** Opening Supplied data block **

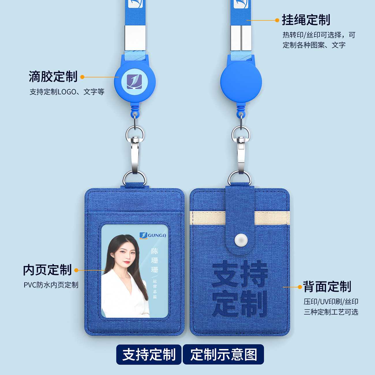新款直销证件卡套挂绳定制高档伸缩扣工作证卡套工作牌厂牌员工工
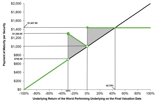 The diagram below illustrates the payment at maturity of the securities, assuming the securities have not previously been automatically redeemed, for a range of hypothetical underlying returns of the worst performing underlying on the final valuation date. Your payment at maturity (if the securities are not earlier automatically redeemed) will be determined based solely on the final underlying value of the worst performing underlying on the final valuation date.
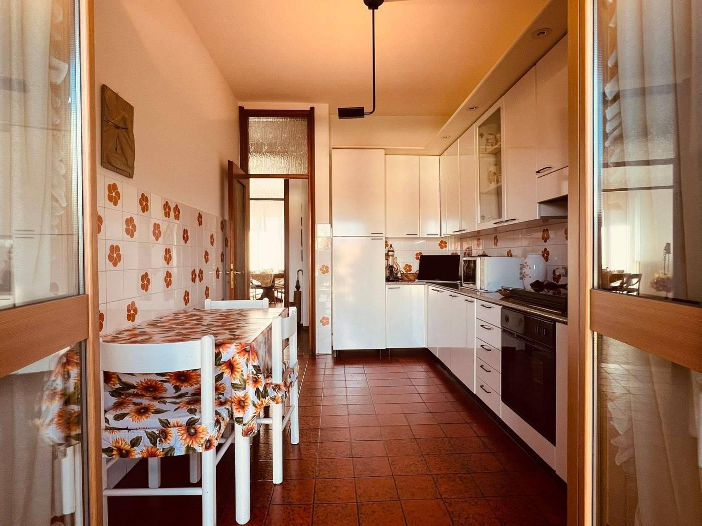 L'appartamento (libero e subito disponibile) è collocato all'ultimo piano di un cosntesto condominiale servito da ascensore e gode di tripla esposizione a Nord/Sud/Ovest.
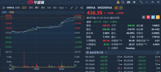 Moderna(MRNA)昨日收涨约4.8%,股价达436.39美元,该股已连续第五个交易日上涨,为5月28日以来最长涨幅,5天累涨了17.8%。
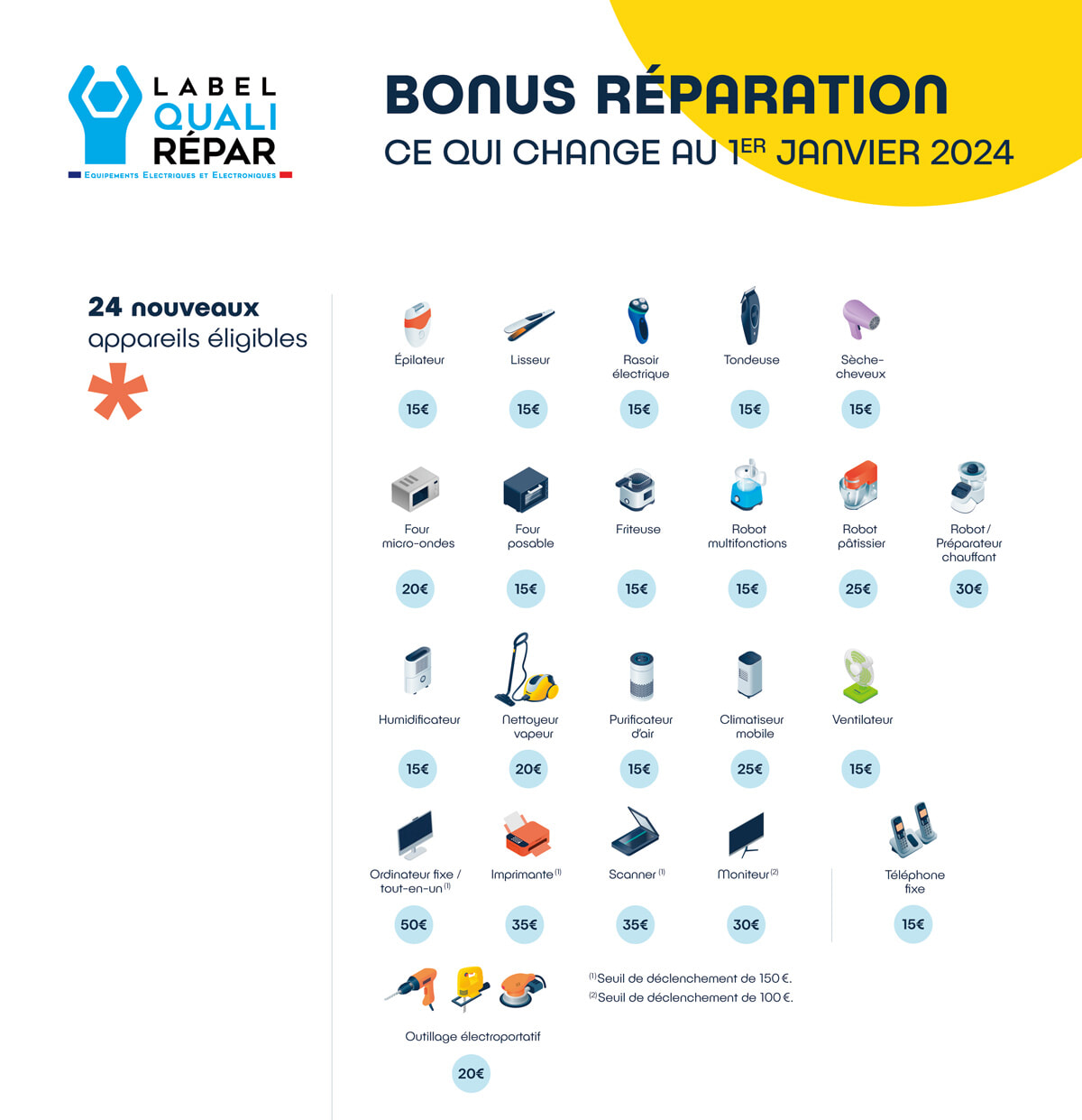 家電で今年1月からリペアボーナスの対象となった24品目。左上のラベルが認定業者の印。www.ecosystem.ecoより。
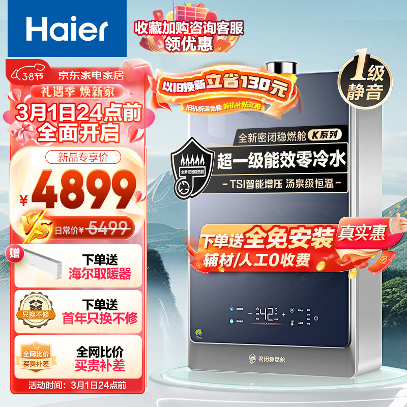 海尔(Haier)16升燃气热水器天然气超一级能效 无级变频水伺服 五段微火控温 TSI增压 JSLQ27-16KLN-ECO7FLRGU1价格:5399.00元!
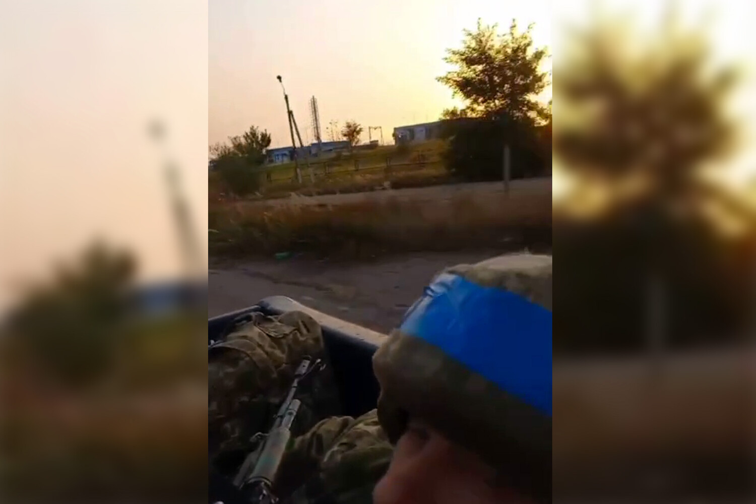 На видео показана местность, которую сняли в конце лета или в начале осени. На кадрах видно, как украинский боец вместе с сослуживцем едет в кузове грузовика по дороге, по бокам которой полуразрушенные здания, а на обочине видны противотанковые треугольники. В кадр еще попал прикрепленный на забор указатель «Суджа».
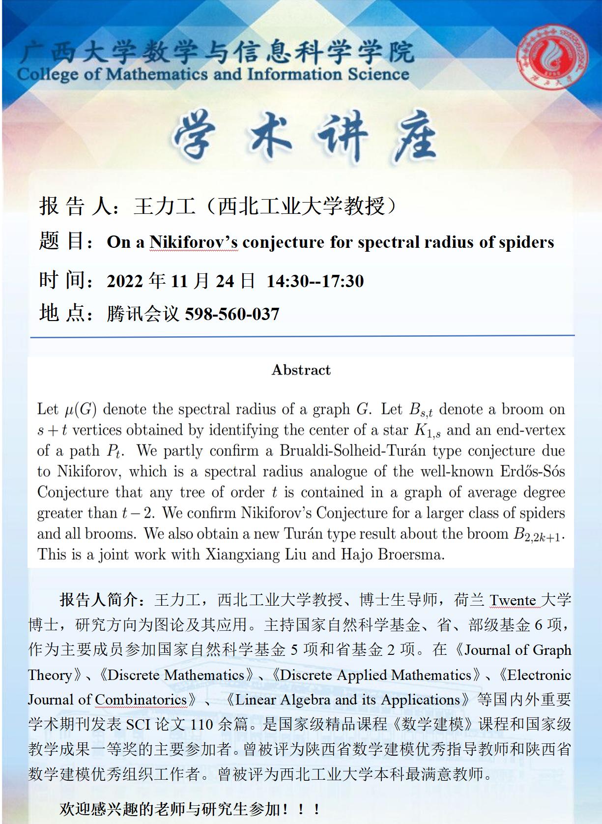 学术讲座: On a Nikiforov's conjecture for spectral radius of spiders

** Closing Supplied data block **

▶ Prompt:
Your copy should hold exactly the lines from the one with "L'appartamento (libero e" through the final line of the records, both ends included, and no pictures.

▶ Finished exercise:
 L'appartamento (libero e subito disponibile) è collocato all'ultimo piano di un cosntesto condominiale servito da ascensore e gode di tripla esposizione a Nord/Sud/Ovest.
 Moderna(MRNA)昨日收涨约4.8%,股价达436.39美元,该股已连续第五个交易日上涨,为5月28日以来最长涨幅,5天累涨了17.8%。
 家電で今年1月からリペアボーナスの対象となった24品目。左上のラベルが認定業者の印。www.ecosystem.ecoより。
 海尔(Haier)16升燃气热水器天然气超一级能效 无级变频水伺服 五段微火控温 TSI增压 JSLQ27-16KLN-ECO7FLRGU1价格:5399.00元!
 На видео показана местность, которую сняли в конце лета или в начале осени. На кадрах видно, как украинский боец вместе с сослуживцем едет в кузове грузовика по дороге, по бокам которой полуразрушенные здания, а на обочине видны противотанковые треугольники. В кадр еще попал прикрепленный на забор указатель «Суджа».
 学术讲座: On a Nikiforov's conjecture for spectral radius of spiders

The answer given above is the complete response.